MixedGemm is a mixed-precision GEMM with quantize and reorder kernel performed on Blackwell GPUs(RTX5090).
We use CUTLASS to perform the mxfp4, mxfp6, mxfp8 GEMM.
In this branch, we quantized Weight and Activation to mxfp4, mxfp6 and mxfp8 to achieve best performance with tolerant accuracy loss.
CUDA TOOLKIT 12.8.1 is required.
-
If you do not have CUDA TOOLKIT 12.8.1, please refer to this, make sure you are on RTX50 Series or other BlackWell GPUs
-
Clone this repo and CUTLASS (Make sure you install Git, and Conda)

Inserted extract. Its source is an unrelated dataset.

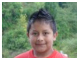
Carlos niri acero puro gustatzen zait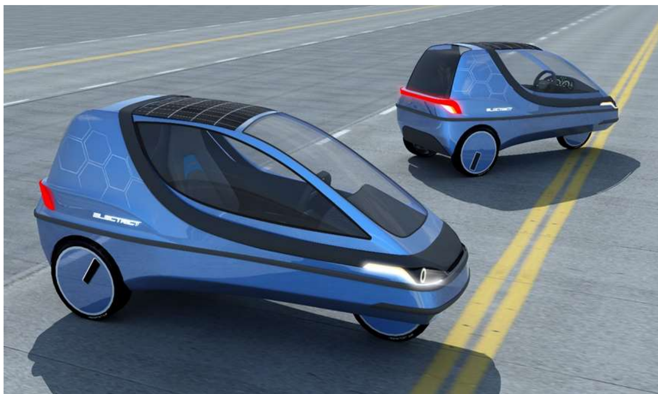
Projekt modernizacji trójkołowego pojazdu elektrycznego dla Hoverjet i Heron Electric

git clone https://github.com/actypedef/MixedGemm.git
git clone https://github.com/NVIDIA/cutlass.git
cd MixedGemm
git switch samedtype
- Prepare environment
sudo apt-get update
sudo apt-get install python3-dev
curl -s https://apt.kitware.com/keys/kitware-archive-latest.asc 2>/dev/null | gpg --dearmor - | tee /etc/apt/trusted.gpg.d/kitware.gpg >/dev/null
sudo apt update
sudo apt install cmake
conda create -n mixedgemm python=3.10
conda activate mixedgemm
conda install pybind11
pip install torch torchvision torchaudio --index-url https://download.pytorch.org/whl/cu128
- Replace following paths in CMakeLists.txt with your actual paths
CMAKE_PREFIX_PATH
torch_python PATHS
PYTHON_ROOT
CUTLASS_ROOT
- Make and run
bash remake.sh
python main.py